Jefferson kleidete den Kampf damit in die universelle Sprache einer Präambel und versuchte so, die zersplitterten Amerikaner durch eine gemeinsame Vision von einem besseren Leben zu inspirieren – und zu einen. Auf diese Weise trug er auch dazu bei, aus regionalen Widerstandsbewegungen eine gemeinsame nationale Mission zu bilden. In der Unabhängigkeitserklärung ist es so formuliert: »Aber wenn eine lange Reihe von Missbräuchen und Übergriffen, die stets das gleiche Ziel verfolgen, die Absicht erkennen lässt, [die Menschen] absolutem Despotismus zu unterwerfen, so ist es ihr Recht, ist es ihre Pflicht, eine solche Regierung zu beseitigen und neue Garanten für ihre künftige Sicherheit einzusetzen.«

Die Unabhängigkeitserklärung und die amerikanische Armee

Diese psychologische Verschiebung war vor allem ausschlaggebend für die einfachen Soldaten der Kontinentalarmee. Deshalb befahl Washington am 9. Juli 1776, seinen Truppen in New York die Unabhängigkeitserklärung vorzutragen. Sein Ziel dahinter: die Männer für die bevorstehende Auseinandersetzung anzuspornen.

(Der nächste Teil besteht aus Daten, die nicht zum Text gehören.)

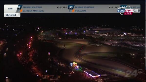 Cuando el líder se encuentra en la vuelta 116, y corren ya sin nada de luz natural:

Die öffentliche Ansprache sollte das Wesen ihres Wehrdienstes verändern. Sie galten nicht länger als illoyale Untertanen, die sich gegen einen legitimen Souverän auflehnten, sondern als Soldaten einer neuen Nation, die ihr eigenes Land verteidigten. Durch Jeffersons Worte und Washingtons Ansprache konnte die Unabhängigkeitserklärung Hingabe für ein neues politisches System entfachen und die amerikanischen Soldaten für eine Sache verpflichten, die längst noch nicht entschieden war. Washington tat seinen Truppen kund, er hoffe, »dieses wichtige Ereignis werde für jeden Offizier und Soldaten ein neuer Ansporn sein, mit Treue und Mut zu handeln – im Wissen, dass nun der Frieden und die Sicherheit seines Landes (unter Gott) allein vom Erfolg unserer Waffen abhängen«.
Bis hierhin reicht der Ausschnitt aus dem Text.